A couple of things I would do – and I did.
1. Even though the treadmill has a safety stop that activates after so many seconds when one steps off the treadmill, I marked the belt every now and then on the sides with yellow paint dots so I could see if the belt was still moving when I stepped back on. This took me more time to find the marker than to apply the dots.

2. If the desktop is used properly with all the electronic office stuff we use today, the wires do become a bit of a rat’s nest no matter how hard one tries to neaten the wire tray. So I mounted an industrial grade power strip on the underside of the desk top and everything plugs in there, with all the wires held underneath and up with conduit clamps, out of sight and out of mind. Now, I have only two cords to plug into the wall: the cord from the treadmill itself and the cord from the power strip. This retrofit took me an hour.
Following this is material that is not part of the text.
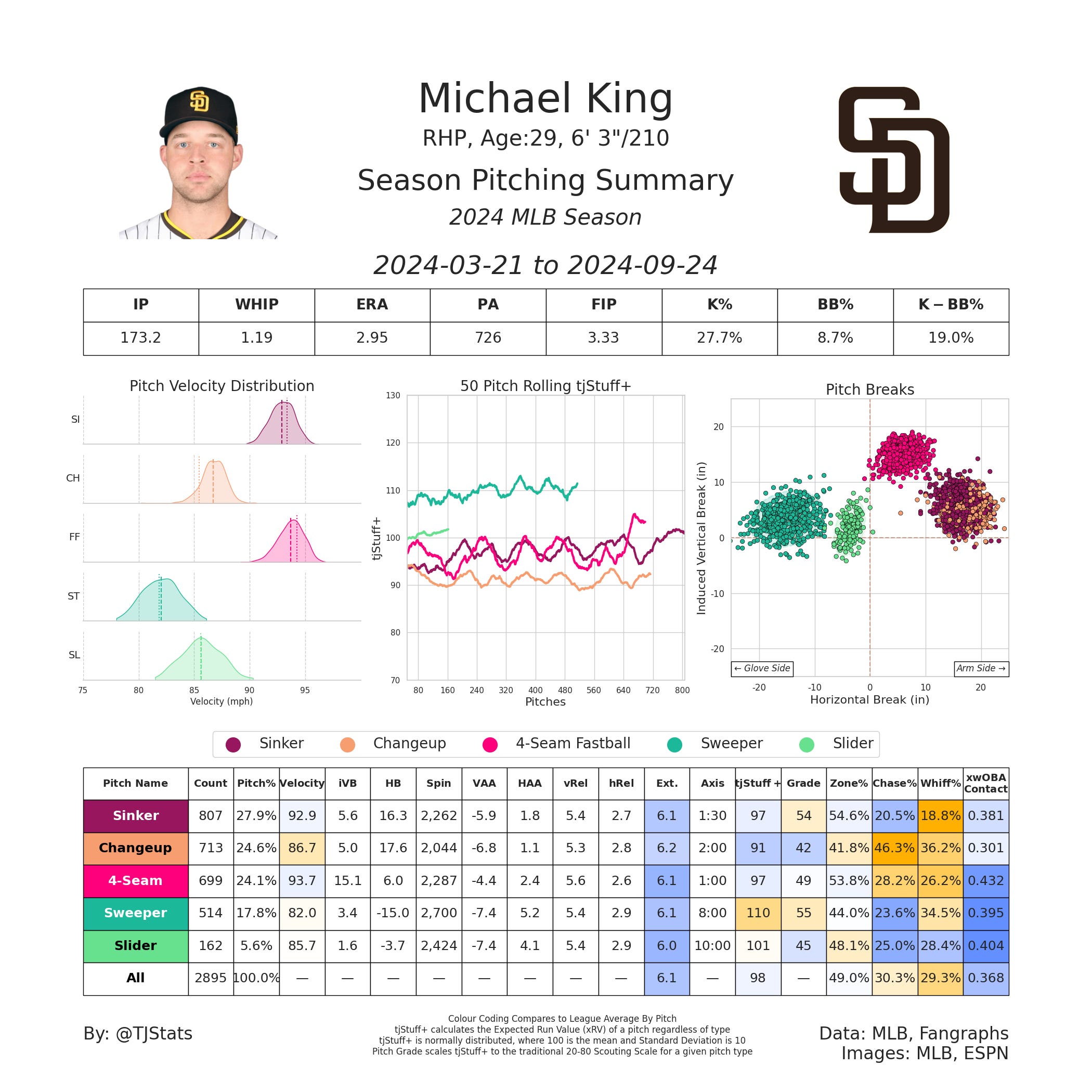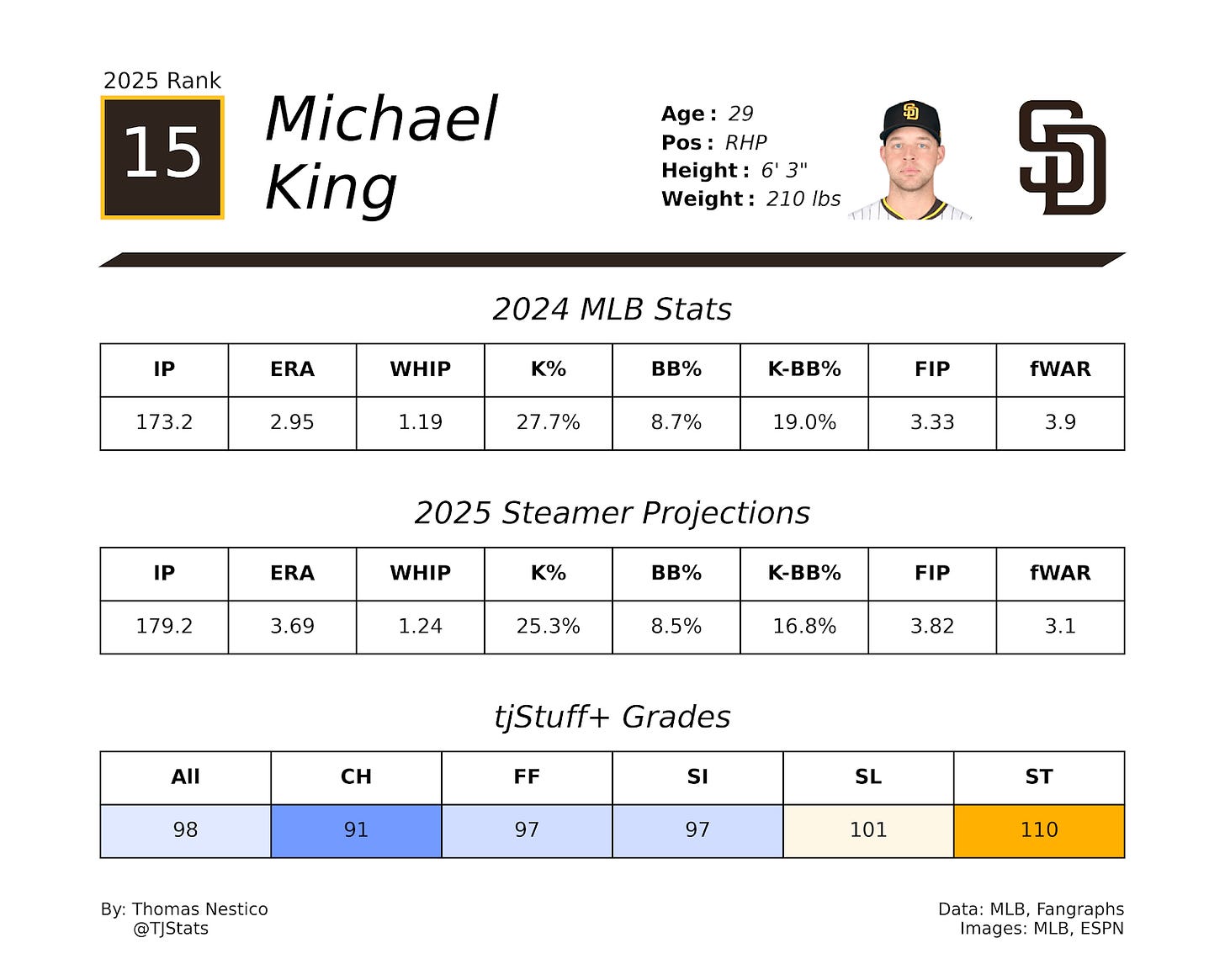 Michael King’s first season as a starter was a resounding success as he posted an outstanding 2.95 ERA and 3.33 ERA across 173.2 IP. Concerns about his workload and reliability were quickly laid to rest. He showed no signs of fatigue, and his production gradually improved as the season progressed. His changeup and sinker combo returned elite results, and he supported his arsenal with a flurry of secondaries. There does not seem to be a flaw in King’s game which warrants his high ranking, but his lack of high-end strikeout upside and volume keep him from slotting into the upper tiers.

3. The fantastic lower cross brace of the desk absolutely begged to be used for some other purpose than just holding up the whole Megillah, so I bought a $19 metal grate shelf from Home Depot, cut it to the proper length and mounted it to the brace with a couple hose clamps. Now I have a 16” shelf for my computer docking station, dedicated treadmill sneakers and field logs. This took me a couple hours, including shopping at Home Depot and figuring out what would work the best.

I recommend this unit. ‘Nuf said.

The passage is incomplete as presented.